Se precisar fazer regularização fundiária nesta área, excelente, porque ali há gente assentada há muito tempo. É preciso melhorar a rede de estradas vicinais. O Estado brasileiro tem que fazer investimentos para que esta região possa ser vibrante e gerar emprego e renda. Tem que ter investimento em boas práticas para que se aumente a produtividade. São investimentos que o Brasil pode fazer.

Essa agenda de intensificação de uso da terra e infraestrutura requer investimentos públicos. O Brasil deveria priorizar estas áreas para que fossem melhor usadas.

O que fazer na área sob pressão
Digo que 40% da região é a “Amazônia sob pressão”. É São Félix do Araguaia, Novo Progresso, Itaituba, Altamira, Humaitá, municípios com bastante floresta, mas onde há um acelerado processo de desmatamento explodindo, com dinâmica baseada na grilagem e na invasão de florestas públicas. Esta ocupação irá gerar crise, conflitos e pobreza. São cidades que depois ficam dependendo de transferências públicas.

Isso acontece porque há várias tentativas de fazer com que estas áreas recém invadidas e ocupadas sejam legitimadas. É uma indústria de invasão de florestas públicas. A má imagem brasileira no mundo vem daqui. Fazer a regularização fundiária é correto, mas lá na Amazônia desmatada. Mas fazer processos de regularização subsequentes irá criar uma indústria da invasão que vai acabar com a Amazônia. É como uma nuvem de gafanhoto e cupim consumindo tudo.

A região dos serviços ambientais
Na região que chamo de “Amazônia florestada” há reservas indígenas e floresta em bom estado. Aqui a agenda importante é de serviços ambientais. Esta floresta produz muito. Está bombeando água, forma “rios voadores” que vão ao Centro-Sul e ajudam a irrigar o agronegócio brasileiro, enchem os reservatórios de água. É uma região com pobreza, mas não miséria. Tem que ter uma agenda de desenvolvimento social para esta região. Trata-se de manter a floresta em pé e tentar encontrar mecanismos de transferência de renda. O Brasil merecia receber pagamento de serviços ambientais do resto do planeta porque a floresta desempenha um papel importante. Claro que para isso o país tem que controlar o desmatamento.

Controle de danos
É uma agenda em três etapas. Primeiro é preciso parar de perder floresta. É o controle de danos: temos que conter o desmatamento, o fogo, a ilegalidade com comando e controle. É preciso impor a lei e evitar um saque ao patrimônio público brasileiro que está sendo destruído para nada.

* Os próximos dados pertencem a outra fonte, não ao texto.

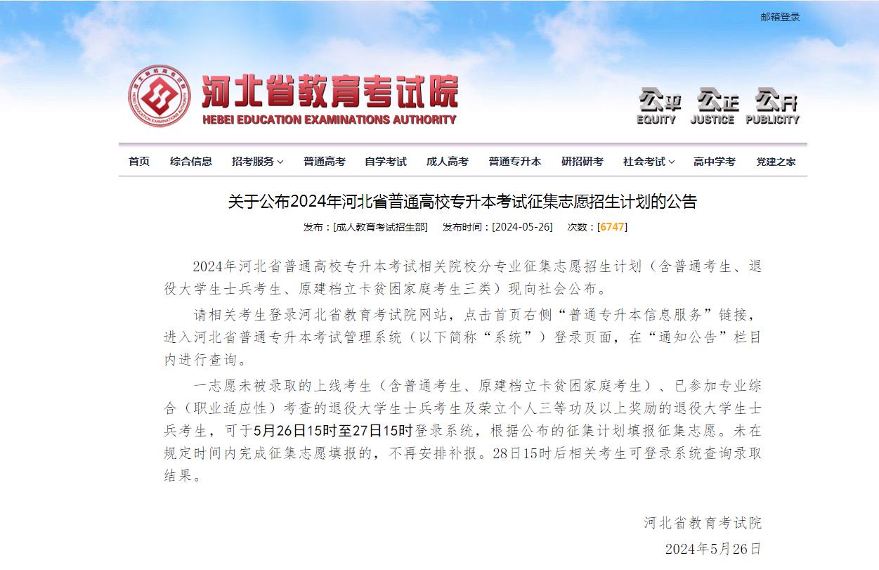 纵览客户端讯 据河北省教育考试院官网消息,5月26日河北省教育考试院发布关于公布2024年河北省普通高校专升本考试征集志愿招生计划的公告。公告指出,一志愿未被录取的上线考生(含普通考生、原建档立卡贫困家庭考生)、已参加专业综合(职业适应性)考查的退役大学生士兵考生及荣立个人三等功及以上奖励的退役大学生士兵考生,可于5月26日15时至27日15时登录系统,根据公布的征集计划填报征集志愿。具体公告如下:

Tem que haver uma boa pecuária na Amazônia, intensificada, capaz de agregar tecnologia com produtividade maior. Tem o setor agroflorestal que está crescendo. É uma agenda que precisa ser construída por uma década, precisa de políticas públicas e investimentos de longo prazo. O Brasil não tem caixa para bancar tudo isso. Acho que o mundo deveria pagar pelos serviços ambientais que a Amazônia presta e contribuir para o seu desenvolvimento. Não vamos proteger a Amazônia com miséria, mas com desenvolvimento que mantenha a floresta em pé. O que temos agora é o pior dos mundos. Continuamos a destruir a floresta e continuamos pobres.